A Romney campaign aide said via email that the campaign is highlighting the JCT analysis, flagging a blog post by the Tax Foundation, to show how a “Romney-style tax plan” could bolster growth and not as an example of the specific tax plan Romney would seek to enact.
That JCT study predicted that revenue-neutral tax reform would increase economic growth. And the plan has similarities to Romney’s proposal. The plan studied by the committee lowered the top rate to 26.8 percent, versus 28 percent for Romney, and kept preferential rates on capital gains and dividends. Romney would keep existing rates for the highest-earning taxpayers and eliminate taxes on that investment income for taxpayers with less than $200,000 in income.

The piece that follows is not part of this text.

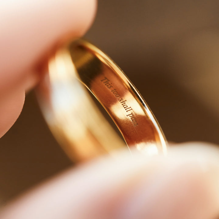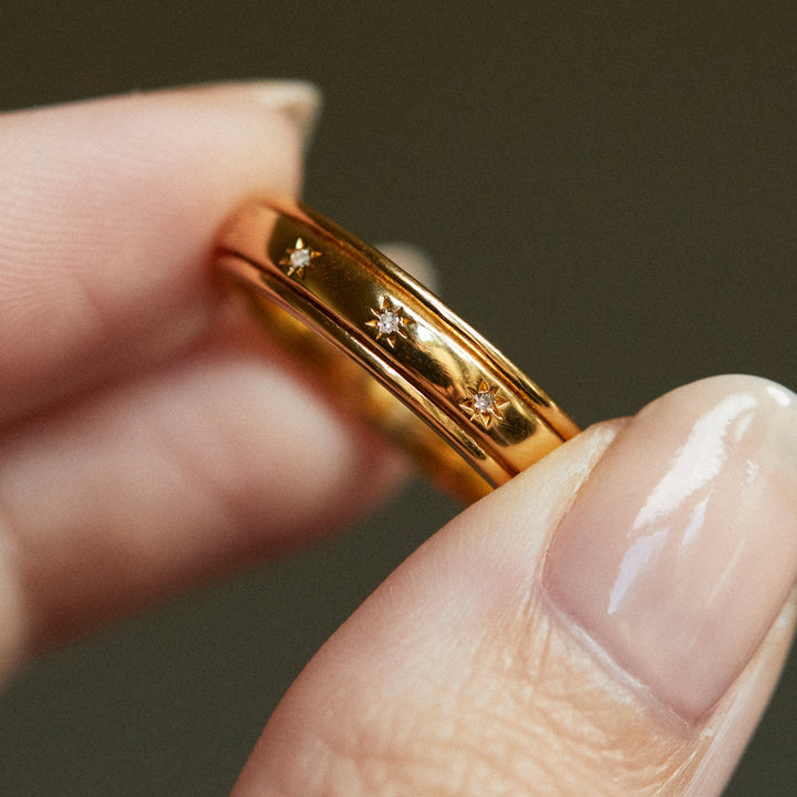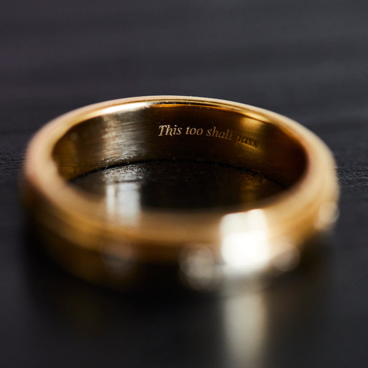 This Star Set Spinning Ring by Carrie Elizabeth is a meaningful blend of elegance and function. Designed to alleviate stress and anxiety, its smooth spinning element offers a calming distraction. Adorned with six single-cut diamonds in a star-shaped setting, this timeless piece radiates celestial charm. Engraved with the reassuring phrase, "This too shall pass," it serves as a gentle reminder of resilience. Perfect for stacking or wearing solo, this ring combines style with purpose.

The 2006 JCT study projected 0.8 percent to 1.7 percent growth in employment and 1.1 percent to 1.9 percent growth in the gross domestic product over a decade under various models.
But the JCT plan was predicated on repealing almost every tax break in the code, including the child tax credit, the employer-provided health care exclusion and nearly every itemized deduction, including deductions for charity, mortgage interest and state and local taxes.
That goes much further than Romney has been willing to go — one reason that an analysis by the Tax Policy Center said his math doesn’t add up.
One idea Romney has proposed is enacting a cap on itemized deductions — he has floated $17,000, $25,000 or $50,000 as possible caps — rather than eliminating them entirely. The Romney campaign has also said it would look at putting a cap on the tax break for employer-provided health insurance. But it hasn’t shown specifically how Romney would raise enough revenue to avoid raising revenue from somewhere else or adding to the deficit.